BuchMarkt
- Categories: Book trade
- Frequency: monthly
- Circulation: 4700
- Publisher: BuchMarkt Verlag K. Werner
- Country: Germany
- Language: German
- Website: www.buchmarkt.de

= Buchmarkt =

German magazine

Buchmarkt (stylized as BuchMarkt, English: Book market) is an independent specialist magazine founded in 1966 for the German-language book trade. It is published monthly, usually on the first Tuesday of the month. The subtitle of the magazine is Das Ideenmagazin für den Buchhandel (English: The ideas magazine for the book trade).

== History ==
In 1966, the idea arose to publish an independent specialist magazine for the German-language book trade. On 10 May 1966, Klaus Werner, Eberhardt Dickert and Christian von Zittwitz founded the publishing house Junge Edition K. Werner GmbH for this purpose. The name was later changed to Buchmarkt Verlag K. Werner GmbH. The first issue was presented in 1966 at the Frankfurt Book Fair.

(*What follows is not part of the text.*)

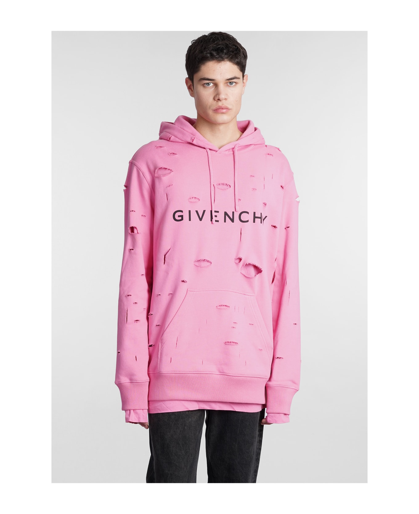 Sweatshirt in rose-pink cotton, adjustable hood with laces, destroyed detail, long sleeves, ribbed cuffs and bottom, logo print on front, 100% cotton, Model is 1. 83 and wears size M

In the beginning, Buchmarkt was published in two editions, but increased every year. In 1967, there were already four issues, in 1968 six, eight the following year, ten in 1970; and since 1971 Buchmarkt has been published monthly.

Christian von Zittwitz is now the sole shareholder and in 1997 relocated the company's headquarters from Düsseldorf to Meerbusch-Ilverich. Since 1998, there is also been an online offer of Buchmarkt. In 2006, the magazine celebrated its 40th birthday with an anniversary edition: industry highlights from 40 years of Buchmarkt.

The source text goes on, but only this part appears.